In a study published on Monday by Johns Hopkins University researchers, the team decided that it’s not just sound that human hears pick up: silence is, indeed, something we can hear too.
Rui Zhe Goh, a Johns Hopkins graduate student in philosophy and psychology who was the study’s lead author, wrote: "We typically think of our sense of hearing as being concerned with sounds. But silence, whatever it is, is not a sound — it's the absence of sound. Surprisingly, what our work suggests is that nothing is also something you can hear.”
Sign up to our free Indy100 weekly newsletter
Per the study, published in the journal PNAS, researchers had participants listen to an array of audio illusions. They also periodically substituted the noise for pure nothingness, the measure whether people’s brains would react in the same way.

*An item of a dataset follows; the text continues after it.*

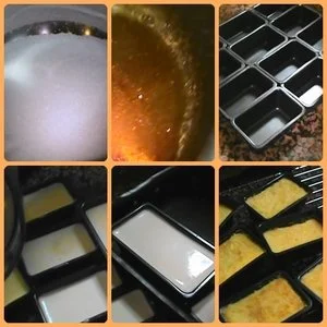 Preparáis los moldes con el azúcar caramelizado o el caramelo líquido y repartimos.
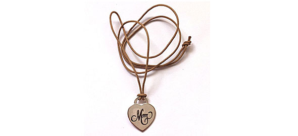 Ασημένια κα επιπλατινωμένη κρεμαστή καρδιά με ένα όμορφο χάραγμα «Mom» στο κέντρο της, η οποία συνοδεύεται από καφέ κορδονάκι. Αποκλείεται να μην ενθουσιάσει τις μέλλουσες μανούλες που αγαπούν το στιλ και τα ιδιαίτερα αξεσουάρ.

“Philosophers have long debated whether silence is something we can literally perceive, but there hasn’t been a scientific study aimed directly at this question,” said study co-author Chaz Firestone, an assistant professor of psychological and brain sciences and the director of the Johns Hopkins Perception & Mind Laboratory. “Our approach was to ask whether our brains treat silences the way they treat sounds.”
"If you can get the same illusions with silences as you get with sounds, then that may be evidence that we literally hear silence after all."
The 1,000 participants’ responses were measured across seven different tests. Across all of them, their brains reacted the same way to silence as they did to noise.
“We show that silences can 'substitute' for sounds in event-based auditory illusions,” said the study. “Seven experiments introduce three 'silence illusions,' adapted from perceptual illusions previously thought to arise only with sounds.”
“In all cases, silences elicited temporal distortions perfectly analogous to their sound-based counterparts, suggesting that auditory processing treats moments of silence the way it treats sounds. Silence is truly perceived, not merely inferred,” it said.
“The kinds of illusions and effects that look like they are unique to the auditory processing of a sound, we also get them with silences, suggesting we really do hear absences of sound too,” added study co-author Ian Phillips, a John Hopkins philosopher and psychologist.